SRI (Stoneridge, Inc.) trades in the Consumer Cyclical sector, specifically Auto - Parts, with a market capitalization of approximately $207.2M, a beta of 1.85 versus the broader market, a 52-week range of 4.6-9.71, average daily share volume of 205K, a public-listing history dating back to 1997, approximately 4K full-time employees. These structural characteristics shape how SRI stock options price implied volatility around earnings windows, capital events, and macro-driven sector rotations.
A beta of 1.85 indicates SRI has historically moved more than the broader market, amplifying both the directional payoff and the realized volatility relative to an index-equivalent position.
What is a collar on SRI?
A collar pairs long stock with a protective out-of-the-money put financed by a short out-of-the-money call, capping both tails of the position around the current spot.
Current SRI snapshot
As of June 30, 2026, spot at $7.31, ATM IV 109.30%, IV rank 43.68%, expected move 31.34%. The collar on SRI below is built from the same end-of-day chain, with strikes snapped to listed contracts and premiums pulled from the bid/ask midpoint at a 17-day expiry.
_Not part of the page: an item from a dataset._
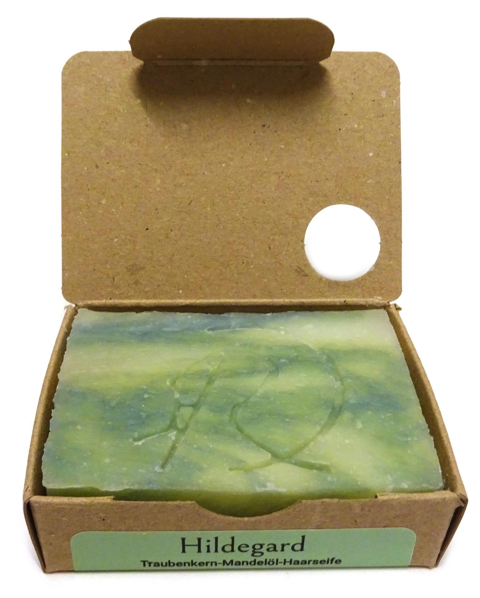 Dies ist eine Haarseife auf Babassuöl-Basis mit einem hohen Mandelöl-Anteil. Sie verströmt einen angenehmen und dezenten Duft, überfettet mit Traubenkernöl. Hildegard ist eine in liebevoller Handarbeit gesiedete Pflanzenölseife, die strapazierte Haare perfekt pflegt und sich als Wohltat für Haare und Kopfhaut erweist. Das Babassuöl als Basis sorgt für eine üppige Schaumbildung und ist bei einer empfindlichen Kopfhaut gut verträglich. Das Produkt sollte für eine größtmögliche Ergiebigkeit und ein optimales Wascherlebnis nach jeder Verwendung trocknen können.

Why this collar structure on SRI specifically: IV regime affects collar pricing on both sides; mid-range SRI IV at 109.30% typically pushes the short call premium to roughly offset the long put cost, with a market-implied 1-standard-deviation move of approximately 31.34% (roughly $2.29 on the underlying). The 17-day window matched to the front-month expiry keeps theta exposure bounded while still capturing the post-snapshot move; longer-dated SRI expiries trade a higher absolute premium for lower per-day decay. Position sizing on SRI should anchor to the underlying notional of $7.31 per share and to the trader's directional view on SRI stock.
SRI collar setup
The SRI collar below is built from the end-of-day chain, with each option leg priced at the bid/ask midpoint of its listed strike. With SRI near $7.31, the first option leg uses a $7.68 strike; additional legs (when the strategy has them) anchor to spot-relative offsets. Premiums come from the bid/ask midpoint on the listed SRI chain at a 17-day expiry; the cross-strike IV skew is reflected directly in the per-leg values rather than approximated. Quantity sizing assumes one contract per option leg (or 100 SRI shares for the stock leg in covered calls and collars).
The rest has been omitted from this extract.